Intermittently fails to create proxy to service in docker-compose.yaml
Expected Behaviour
Services specified in /var/lib/faasd/docker-compose.yaml with a mapped port are started and exposed on the host system via a proxy.
Current Behaviour
Most of the time, the services are exposed successfully, but sometimes the proxy fails with the following error (seen in journalctl -u faasd --no-pager):
unable to dial to 10.62.0.13:8080, error: dial tcp 10.62.0.13:8080: connect: connection refused
In this case, the IP is for the correct service, and the port (8080) is the "internal" port. The proxied "external" port would have been 8082.

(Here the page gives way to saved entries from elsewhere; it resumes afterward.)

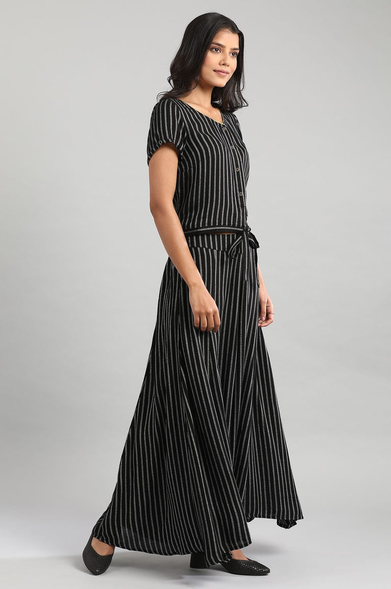 Elevate your wardrobe with this black rayon printed two-piece set, featuring a comfortable palazzo design. Crafted from soft rayon fabric, it offers breathable wear and effortless style. The printed pattern adds a touch of elegance, making it perfect for casual outings or relaxed gatherings. This versatile set combines comfort with a flattering silhouette to keep you confident throughout the day.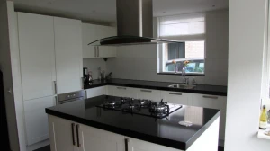 De koof loopt door naar de woonkamer zodat keuken en woonkamer één geheel vormen.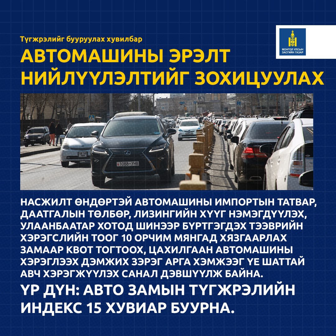 Түүнчлэн хос хөдөлгүүртэй автомашины татварын хөнгөлөлтийг цуцлах, буруу талдаа жолооны хүрдтэй автомашиныг замын хөдөлгөөнд оролцохыг хориглох, шатахууны үнэд нийслэл хотын 1% татвар тооцох, цахилгаан автомашины хэрэглээх дэмжих зэрэг арга хэмжээг үе шаттай авч хэрэгжүүлэх санал дэвшүүлж байна.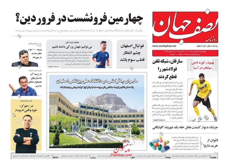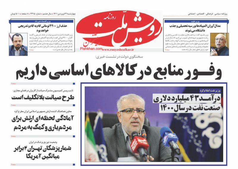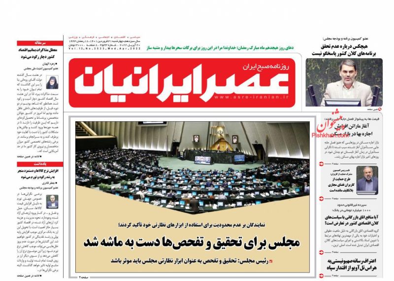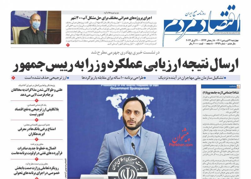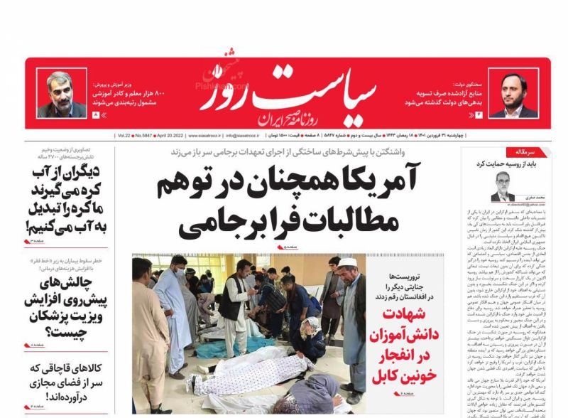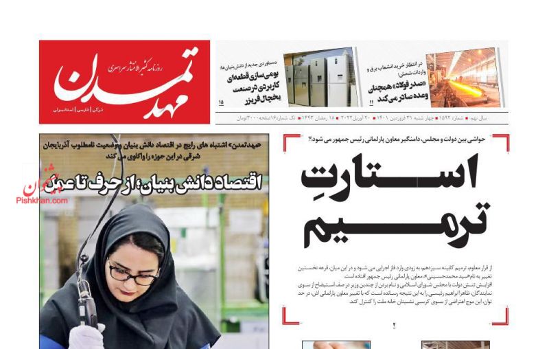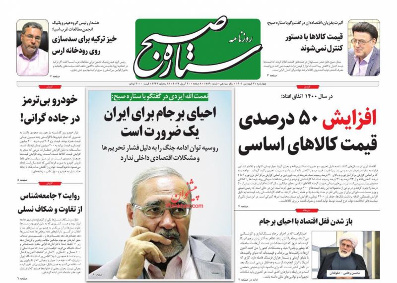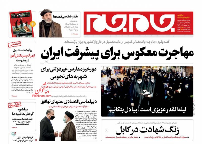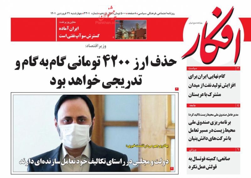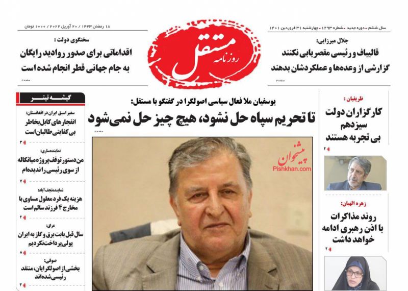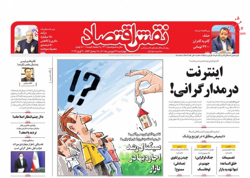 صفحه اول روزنامههای چهارشنبه ۳۱ فروردین ۱۴۰۱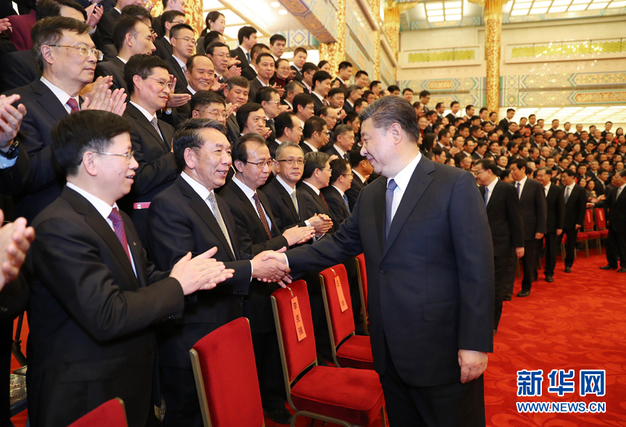 2月20日,黨和國家領導人習近平、李克強、栗戰書、汪洋、王滬寧、趙樂際、韓正等在北京人民大會堂會見探月工程嫦娥四號任務參研參試人員代表。 新華社記者鞠鵬攝

After seeing this message, I tried the following troubleshooting to ensure the service was started properly:
- View service logs with
journalctl -t openfaas:my-service --no-pager, which successfully shows me the logs frommy-service - Run
curl 10.62.0.13:8080which successfully returns the expected results - Run
curl 10.62.0.1:8082which fails to return the expected results - Run
curl 10.62.0.1:8080(the openfaas gateway to test another proxied service), which returns the expected results
List all Possible Solutions
Since I'm not familiar with how a lot of the networking (cni) is handled, my assumption is that there's a "timing" problem at the point the proxy is attempting to "dial" the service here.
I'm making this assumption due to the following:
- the service is available later at the IP address and port.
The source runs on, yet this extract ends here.